Relationships and reconciliation

A week ago at the end of a retreat in a rural village, Marco Tulio commented on today’s Gospel of the prodigal son (Luke 15: 11-32) during the Celebration of the Word. He noted how the father addressed both sons as “son”.

I had noted before that the older son refused to acknowledge the younger son as his brother, referring to him as “that son of yours.” But he does not even address his father as “father.” Instead he emphasizes that he has been “slaving away” for so many years.

In contrast, his younger brother who had asked for his part of the inheritance (basically treating his father as already dead) thinks of his father when he is nearly dying of hunger. He decides to go, addresse his father as “Father,” admit his unworthiness and ask to be treated as a day laborer.

The older son sees his life as slavery and wants nothing to do with his brother (and maybe not even with his father). The younger, rebel son is willing to become a hired worker.

But the father sees both as sons. He asks the servants to welcome his younger son who has come back to life. He addresses his angry older son not merely as son, but as “child,” which seems a more familiar term.

The father wants relationships restored; he wants a family. He wants, as St. Paul writes in the second reading (2 Corinthians 5: 17-21), reconciliation.

But what makes this so hard.

In one sense, I think Gustavo Gutiérrez (Sharing the Word through the Liturgical Year, p. 61) is on to something. How often do we see following Christ as slavery, doing what we have to do, full of obligations – not as a response to God’s freely given love?

Failing to see the gratuitousness of live is failing to understand the gospel. By converting the gospel into a mere set of obligations, external rules or a guarantee to authorities without moral worth, we make a caricature of it. The gratuitousness of love alone guarantees its being creative of ways to express it…

We just have to slave away, doing what “God” commands.

But discipleship is something else.

I have just finished reading Timothy Radcliffe’s Take the Plunge: Living Baptism and Confirmation, which I highly recommend. Seeing following Christ as merely following commandments misses this dimension of relationship that God so wants from us. As the father, he goes out to meet both sons, who are precious in his sight.

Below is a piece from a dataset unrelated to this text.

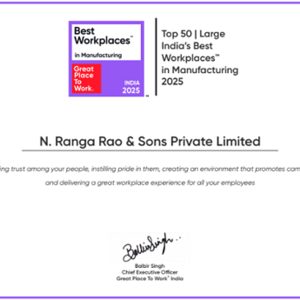 N Ranga Rao and Sons has been awarded as one of Indias Best Workplaces in Manufacturing for the third consecutive year
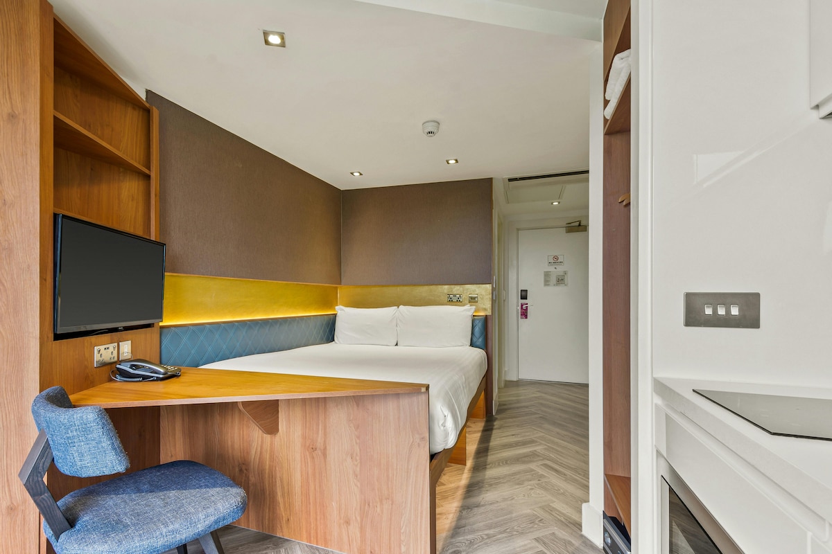 The Neo Studio at Roomzzz Stratford offers a spacious and thoughtfully designed space, perfect for extended stays or added comfort. Spanning approximately 17 square meters, it features a plush double bed, a sleek en-suite bathroom, a fully equipped kitchenette, and a dedicated workspace. The modern layout combines style and practicality, ensuring a relaxing and luxurious experience.

Radcliffe puts it this way (p. 38):

Commandments in the Bible are given in the context of friendship with God and each other. They are not about control but the formation of a heart and mind for mutuality. They are the vastly demanding invitation to grow up into the true, genuine, equal love which is the Trinity. We are indeed loved without condition, but God’s friendship, like any friendship, transforms us.

So today let us respond in love,letting ourselves be transformed by God’s friendship, seeking reconciliation and relationship with God and with our sisters and brothers.

I think that’s what Lent is about.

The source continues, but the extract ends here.